Not to mention, Adobe is also actively facing challenges. It successfully acquired AI startup Rephrase.ai in November 2023. The company operates an AI-based video content platform that combines text scripts and user avatars into videos with user images for commercial scenarios such as marketing, customer communication, and holiday greetings. The acquisition of Rephrase.AI means that Adobe has completed its first acquisition in the AI field, reflecting Adobe's active search for potential new tools to complete its product puzzle.

Adobe's last quarter results and current quarter outlook

Adobe's Q3 performance was still good, with revenue and profit exceeding expectations. Revenue increased by 11.6% YoY to $5 billion, Net Profit 1.50 billion USD, and profit margin increased by 3.4% YoY and 0.7% QoQ.

Although the growth has slightly accelerated, it is still not too impressive. When discussing the company's prospects for 2024, the management did not set too aggressive targets, only expecting a full-year revenue growth rate of 10.2% and a flat profit margin. This is obviously far lower than the growth rate that Adobe investors are accustomed to before 2022.

In contrast, another AI giant, Microsoft, accelerated its revenue growth to 17.6% in the three months ending in December, and AI products made quantifiable and substantial contributions to its revenue.

The market expects Adobe's fourth quarter revenue to reach $5.145 billion, a year-on-year increase of 10.53%; earnings per share will reach $3.37, a year-on-year increase of 24.52%.

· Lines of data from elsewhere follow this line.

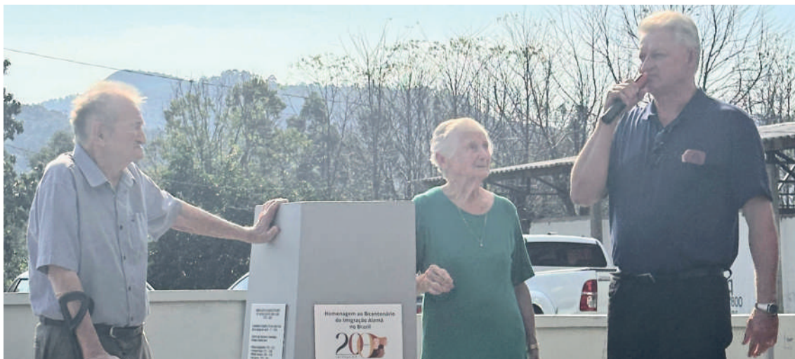
Houve o descerramento da placa em homenagem ao bicentenário da imigração alemã

O evento vem para agradecer e perpetuar a cultura de Linha Clara. O seu nome se deve à "clara visão" de grande parte de Teutônia. Linha Clara carrega consigo o orgulho da colonização alemã, pautada em três pilares: trabalho, cultura e fé.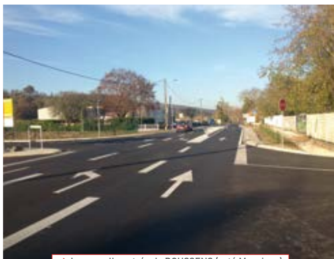
→ La nouvelle entrée de BOUSSENS (coté Mancieux)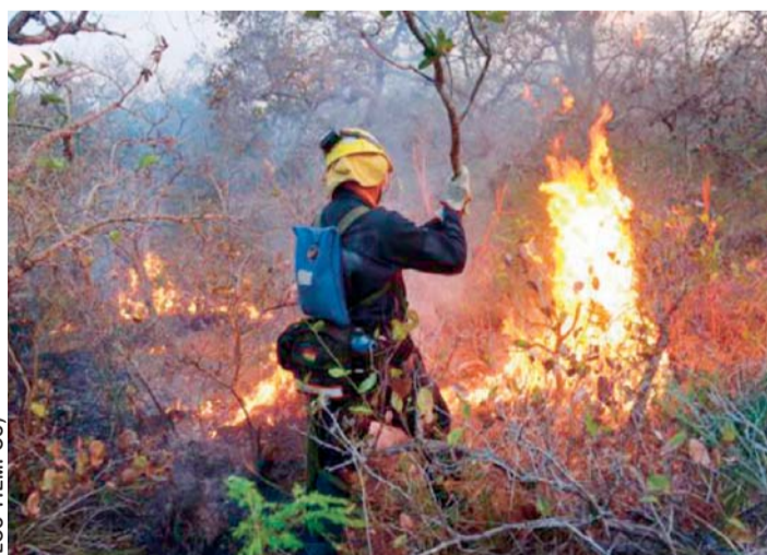
VOLUNTARIO TRATA DE SOFOCAR EL INCENDIO, CON EQUIPO E UNIFORME MUY PRECARIO. (ROBORÉ)

"Aceptar la ayuda internacional es una cosa y otra muy diferente es cumplir con protocolos internacionales para declarar desastre nacional", dijeron.

This time, the market focus is on Adobe's growth momentum and AIGC's integration into its product suite. Adobe has already introduced AI into its product matrix, including the Firefly model in Creative Cloud and AI services in Experience Cloud, but whether it can monetize Firefly in a meaningful way remains to be seen. The market wants to understand how these AI services can actually translate into customer engagement and financial performance.

On the other hand, Adobe has already officially announced the termination of the acquisition of Figma. This means that although Adobe has saved $20 billion in expenses, it may harm future growth expectations. It needs to work hard to create a product that competes with Figma to curb the latter. It is difficult to say whether this has had a positive impact on Adobe.

Conclusion

Will the AI wave benefit or harm Adobe's business? If Dall-E is the first attempt, it is obvious that the market overestimated the threat in the short term. After all, after Dall-E was launched, Adobe quickly launched Firefly and retained the entire Value Chain.

The RockFlow team still believes in Adobe's pricing power and the value that Firefly will bring over time. We believe that Adobe will continue to benefit from AI and consolidate its long-term market position.